All of our characters spend the entire first half of this movie developing their personalities, and letting the audience get to know them. The cast signs up for war, considering it to be just the sport that it had been in past days. Instead, all of them, with their individual phrases, look, and persona, join a cannon-fodder army which could indeed be compared to hell itself.
One of the particular themes that shows in this movie is the replacement of conventional weapons. No longer are the glory days when a man could be shot, shake hands with his foe, and call it a day. Instead, we watch many of our innocent, sporty youths run up to "fight the turks," and barely take one step before the loud rattling of a machine gun renders him mutilated beyond all recognition.

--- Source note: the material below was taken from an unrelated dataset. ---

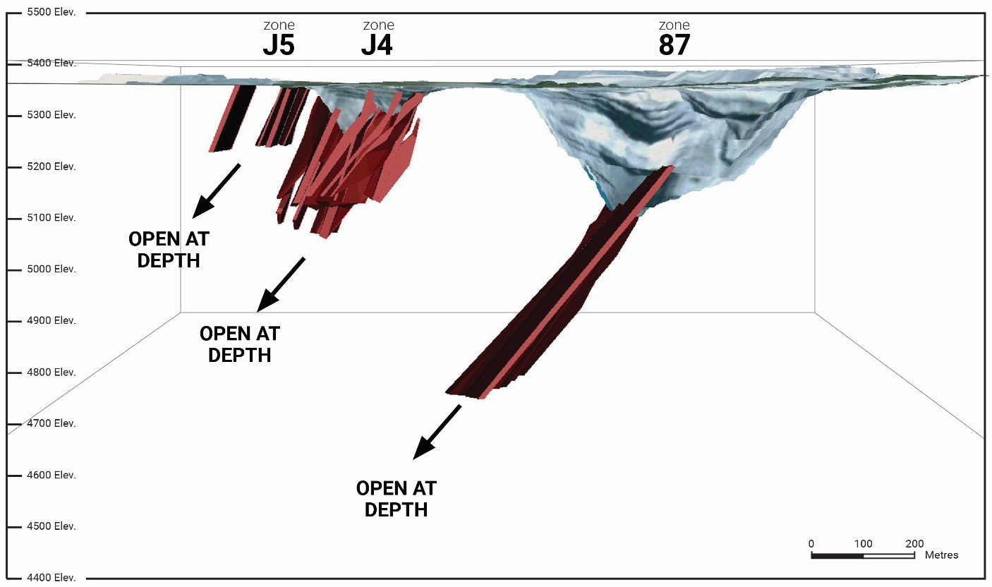 Image with caption: "Figure 1 – 3D Section of Troilus Zones 87, J4 and J5, Looking North (CNW Group/Sulliden Mining Capital)".

Indeed, the heroes barely comprehend the concept of death, as one of the most harrowing lines states: "Barney. He's dead. He was standin' right beside me, and I- and I though' he jus' tripped and fell. Y'know, B-barney's like that. He's- He...Was always clumsy."

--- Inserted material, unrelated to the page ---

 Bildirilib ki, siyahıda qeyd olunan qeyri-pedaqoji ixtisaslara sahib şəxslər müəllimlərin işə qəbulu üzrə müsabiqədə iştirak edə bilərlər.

Another is the use of your allies and soldiers as cannon fodder. To supposedly "let the British advance into the peninsula," the Australian troops, including our youths, are forced to run directly into the no-mans' land, being shredded into kindling while their superiors question their ability as soldiers. "Why aren't we advancing?" "But sir, all of our men, they barely get out of the holes and they die!" "I don't care. We won't win until we advance. The fight must go on."
A movie that easily sheds tears (well, I cried), Gallipoli is not necessarily a film to enjoy, but instead to reveal the dark side of the "modernized" Western World.
Platoon (1986)
Perhaps the Most Harrowing Vietnam Movie Ever Made
Platoon certainly shows the harsh realities of modern warfare. Our character, the ever-stereotypical wide-eyed "Naive Private," slowly grows more and more gritty, dark, and harsh with each new experience. While it does not have, say, the ridiculously overdone graphics of the movies that our children watch now, nor a particular scene thrown in for the ratings-grabbing "eye candy," it truly shows war as the hideous, realistic catastrophe that it is now. The viewer will watch a scene at the start of our movie, with our private staring, disembodied, at the body bags being shipped to America. Eventually the war rears its ugly head, and one body becomes 10, 10 becomes 50, 50 becomes a scene in which you cannot see the ground through the napalm.

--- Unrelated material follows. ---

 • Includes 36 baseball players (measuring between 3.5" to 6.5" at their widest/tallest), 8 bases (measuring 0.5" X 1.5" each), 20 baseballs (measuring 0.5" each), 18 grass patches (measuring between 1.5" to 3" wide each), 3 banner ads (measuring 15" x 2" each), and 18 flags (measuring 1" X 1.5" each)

As our private struggles with the ever-elusive "Charlie," or "VC," he is taken under the wing of one of his superiors. As he grows emotionally, and slowly becomes more used to the war, his teacher becomes more acknowledging of his presence, and indeed treats him as an equal. The echo of this would be his other superior, a battle-ready bruiser who definitely defines the word "prejudice." After the two sergeants fight against each other, the "teacher" *PLOT SPOILER* mysteriously dies... Our hero always has a feeling that his other superior was behind it, but can't prove it. After a particularly devastating attack, the private notices his senior, lying on the ground, completely untouched, but still acting completely arrogant. Our hero manages to salvage a Vietcong gun (Soviet AK-47 model, to be precise), and aims it threateningly at the sergeant.
"What are ya gonna DO, kid. Ya ain't gonna shoo-"...At this point a complete round lashes through the man's body, but, like our "Kid"'s superior, no-one will truly know who the killer is.
Maybe the best war movies I've seen, both for the realism its-self, and a true portrayal of what can happen when a young man is built on revenge.